**Problem requirements**.
Output only the lines below from the one holding "4 团 8 号珍珠蕾丝线,共" down to the one holding "高圧洗浄で外壁に付着している、ホコリ汚れや老化塗膜などを落としていきます。", both end lines included and every picture dropped.

**Supplied material**.

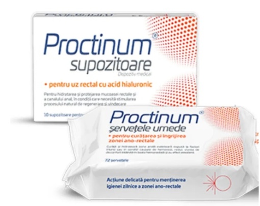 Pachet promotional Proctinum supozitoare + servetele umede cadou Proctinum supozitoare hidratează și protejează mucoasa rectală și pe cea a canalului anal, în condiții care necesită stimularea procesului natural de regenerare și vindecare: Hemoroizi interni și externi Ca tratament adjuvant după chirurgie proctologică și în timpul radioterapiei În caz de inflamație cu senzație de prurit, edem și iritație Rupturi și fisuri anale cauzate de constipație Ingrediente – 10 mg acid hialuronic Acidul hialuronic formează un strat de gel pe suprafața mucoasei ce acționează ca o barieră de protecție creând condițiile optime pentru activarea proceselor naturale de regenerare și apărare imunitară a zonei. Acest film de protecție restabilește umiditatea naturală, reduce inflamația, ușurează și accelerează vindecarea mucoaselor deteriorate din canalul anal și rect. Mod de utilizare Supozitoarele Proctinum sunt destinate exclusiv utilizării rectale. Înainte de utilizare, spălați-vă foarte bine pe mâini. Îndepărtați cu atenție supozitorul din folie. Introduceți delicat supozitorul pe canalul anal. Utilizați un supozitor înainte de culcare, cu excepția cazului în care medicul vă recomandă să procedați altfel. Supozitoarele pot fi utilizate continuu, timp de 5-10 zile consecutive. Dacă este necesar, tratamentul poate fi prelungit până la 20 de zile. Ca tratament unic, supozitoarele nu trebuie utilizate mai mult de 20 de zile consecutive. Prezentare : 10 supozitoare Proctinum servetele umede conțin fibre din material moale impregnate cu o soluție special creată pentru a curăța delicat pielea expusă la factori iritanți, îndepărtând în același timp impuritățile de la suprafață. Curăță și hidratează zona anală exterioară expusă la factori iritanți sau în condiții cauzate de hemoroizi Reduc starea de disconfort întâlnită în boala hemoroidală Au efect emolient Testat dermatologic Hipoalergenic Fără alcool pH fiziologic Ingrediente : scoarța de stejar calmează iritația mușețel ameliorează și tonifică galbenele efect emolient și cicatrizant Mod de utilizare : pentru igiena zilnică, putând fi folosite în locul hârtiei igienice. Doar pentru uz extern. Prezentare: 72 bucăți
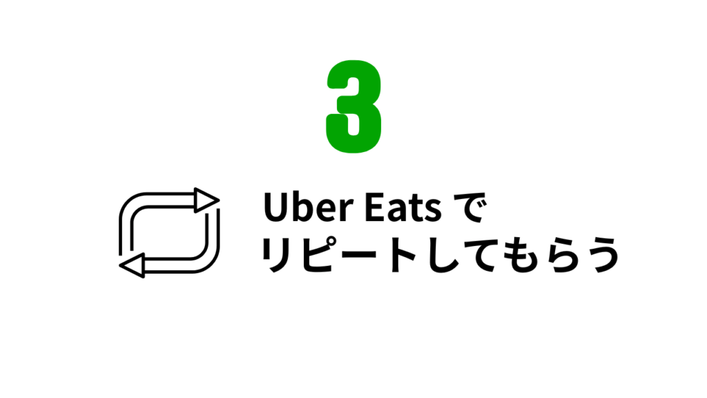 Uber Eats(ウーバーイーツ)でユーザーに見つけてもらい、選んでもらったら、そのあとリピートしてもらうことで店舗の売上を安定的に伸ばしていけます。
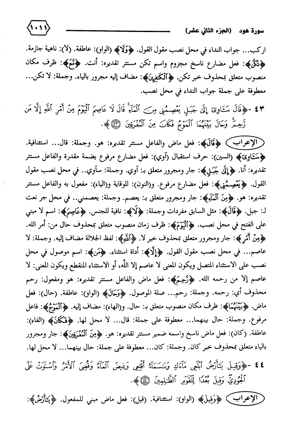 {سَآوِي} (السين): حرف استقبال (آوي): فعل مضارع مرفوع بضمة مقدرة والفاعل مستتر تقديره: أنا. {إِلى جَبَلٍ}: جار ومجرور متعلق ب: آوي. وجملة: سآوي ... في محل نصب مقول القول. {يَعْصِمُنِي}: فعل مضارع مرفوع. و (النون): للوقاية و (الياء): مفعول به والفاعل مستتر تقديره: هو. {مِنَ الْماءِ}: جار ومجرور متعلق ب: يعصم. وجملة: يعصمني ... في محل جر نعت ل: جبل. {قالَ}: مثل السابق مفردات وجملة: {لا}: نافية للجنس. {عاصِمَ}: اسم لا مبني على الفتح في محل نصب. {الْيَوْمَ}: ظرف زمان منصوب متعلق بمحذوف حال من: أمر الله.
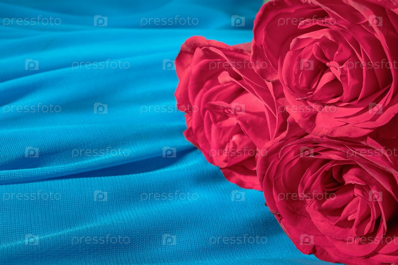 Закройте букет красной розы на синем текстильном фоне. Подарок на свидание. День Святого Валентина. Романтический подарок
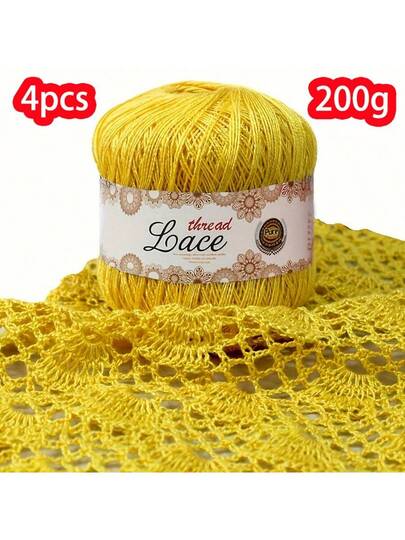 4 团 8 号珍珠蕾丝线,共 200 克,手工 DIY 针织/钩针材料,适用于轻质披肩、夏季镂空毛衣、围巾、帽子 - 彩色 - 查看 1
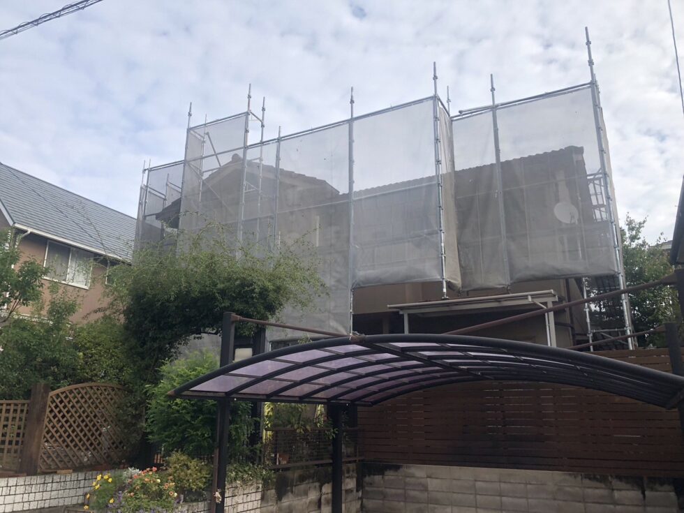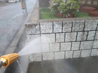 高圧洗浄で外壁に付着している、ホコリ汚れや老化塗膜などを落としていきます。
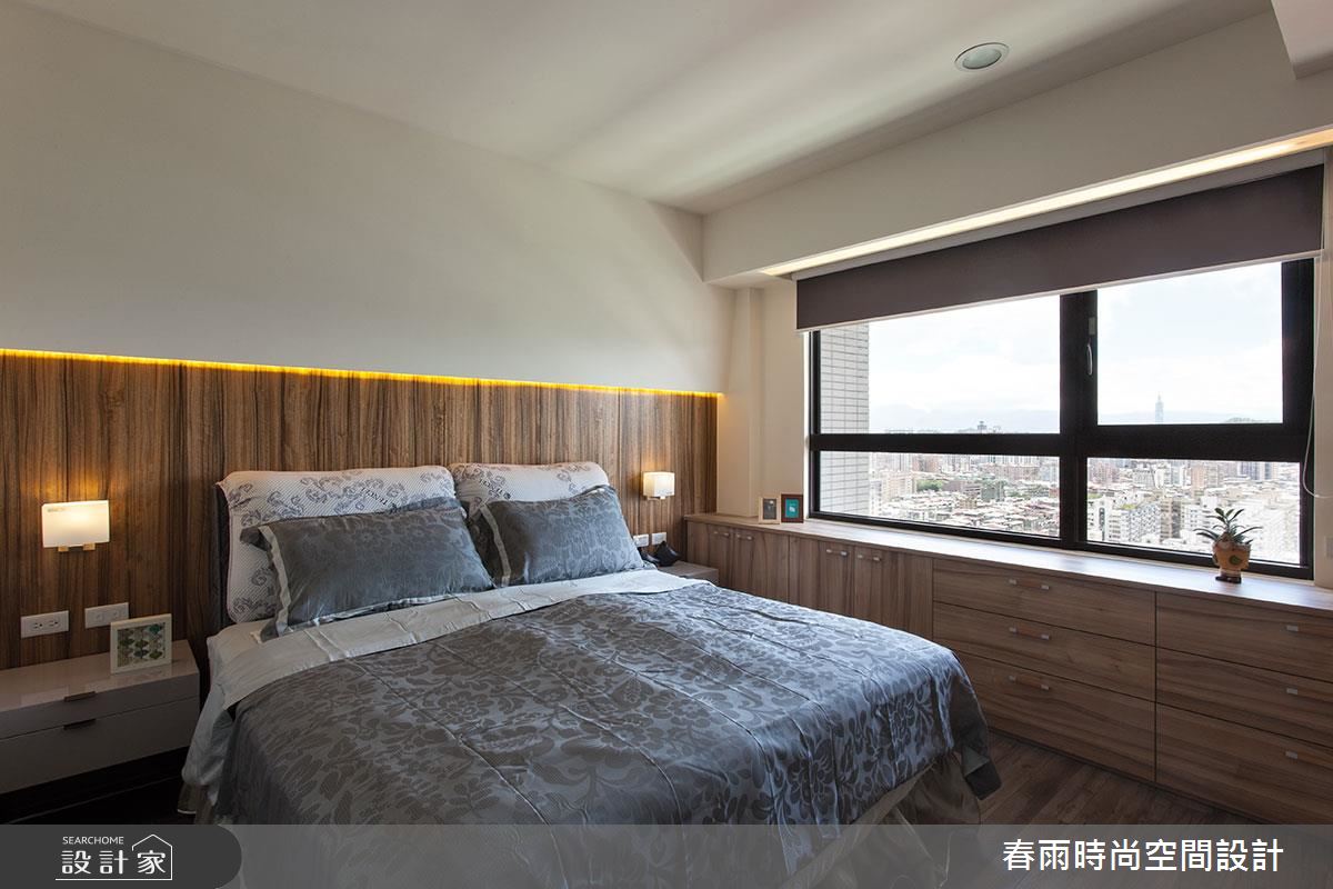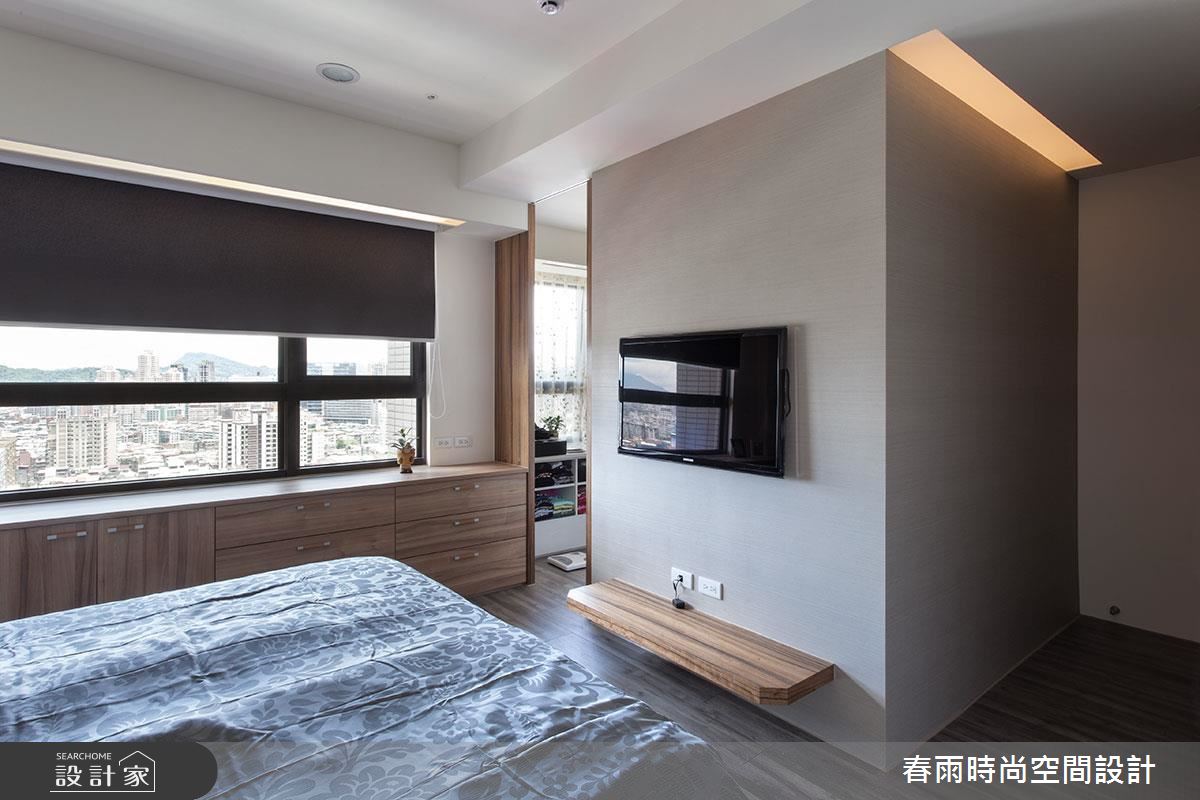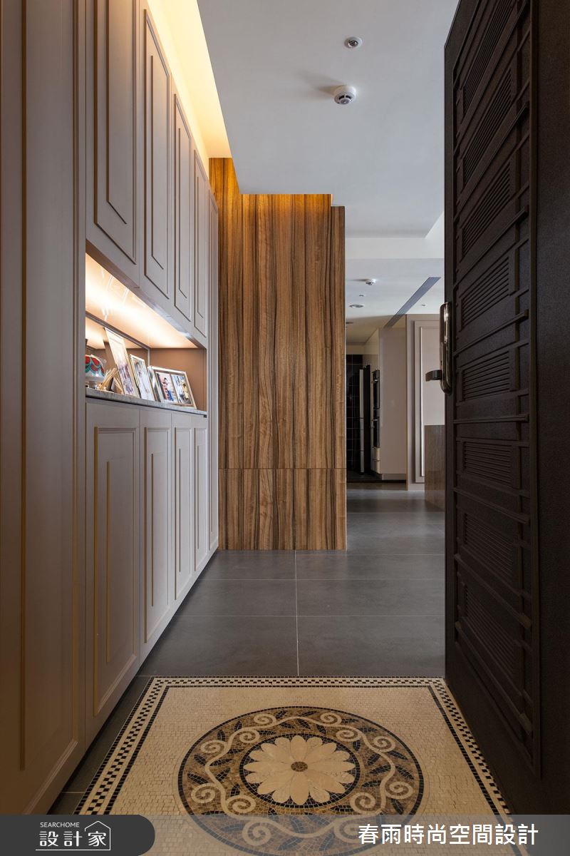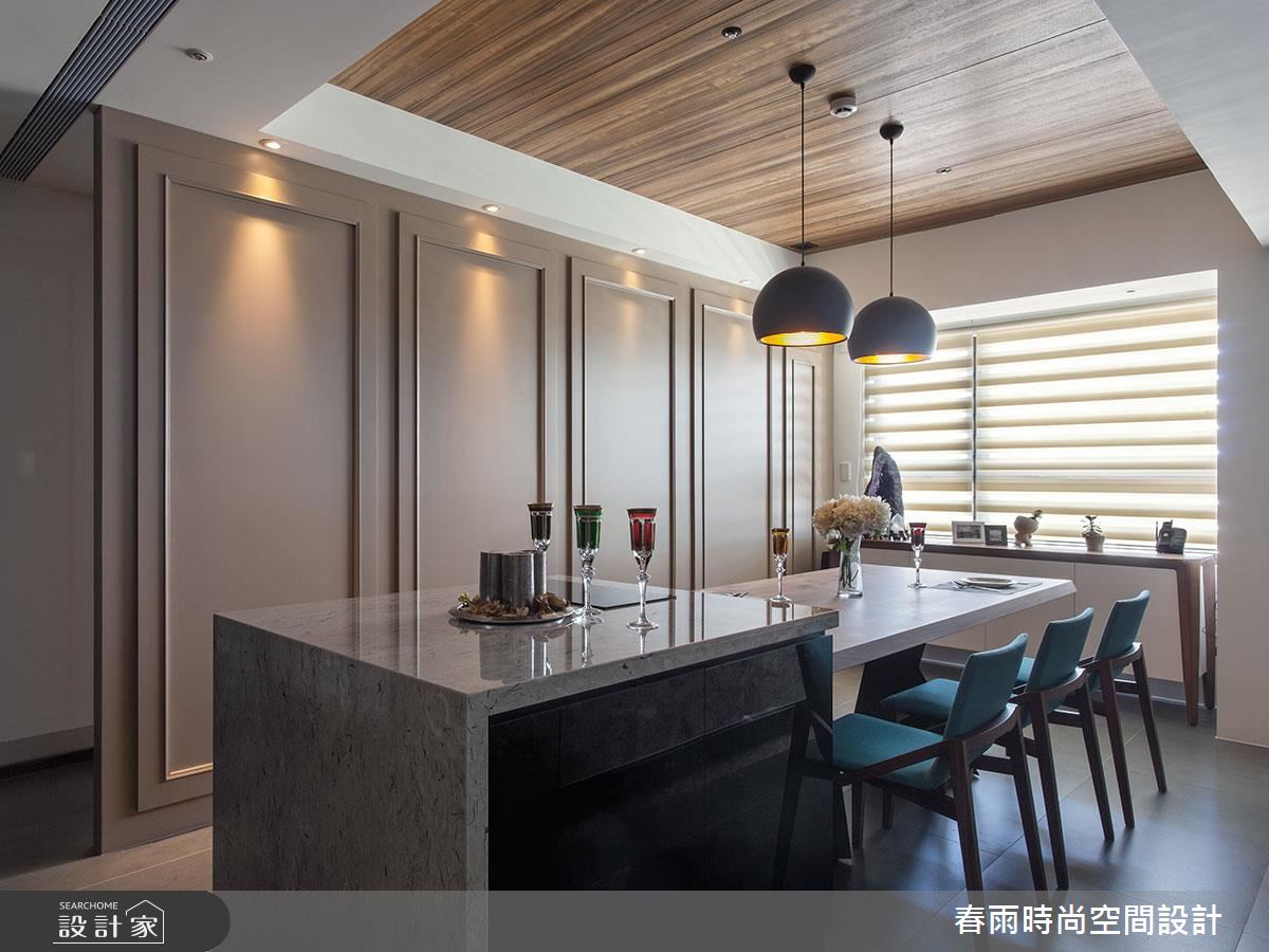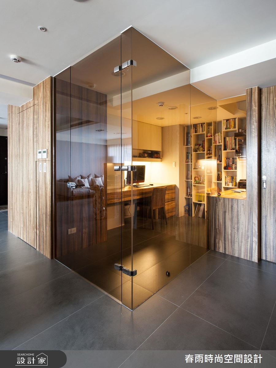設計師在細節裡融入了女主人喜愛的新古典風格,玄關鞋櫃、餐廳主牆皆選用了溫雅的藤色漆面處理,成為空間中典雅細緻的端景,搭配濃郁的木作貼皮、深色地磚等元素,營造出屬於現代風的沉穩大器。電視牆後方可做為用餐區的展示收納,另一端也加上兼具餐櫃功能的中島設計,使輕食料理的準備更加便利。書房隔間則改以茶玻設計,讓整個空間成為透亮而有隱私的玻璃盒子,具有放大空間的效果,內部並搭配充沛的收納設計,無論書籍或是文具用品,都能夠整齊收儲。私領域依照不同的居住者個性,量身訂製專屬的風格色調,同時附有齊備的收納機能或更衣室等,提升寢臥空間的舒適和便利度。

**Output for this task**.
 4 团 8 号珍珠蕾丝线,共 200 克,手工 DIY 针织/钩针材料,适用于轻质披肩、夏季镂空毛衣、围巾、帽子 - 彩色 - 查看 1
 高圧洗浄で外壁に付着している、ホコリ汚れや老化塗膜などを落としていきます。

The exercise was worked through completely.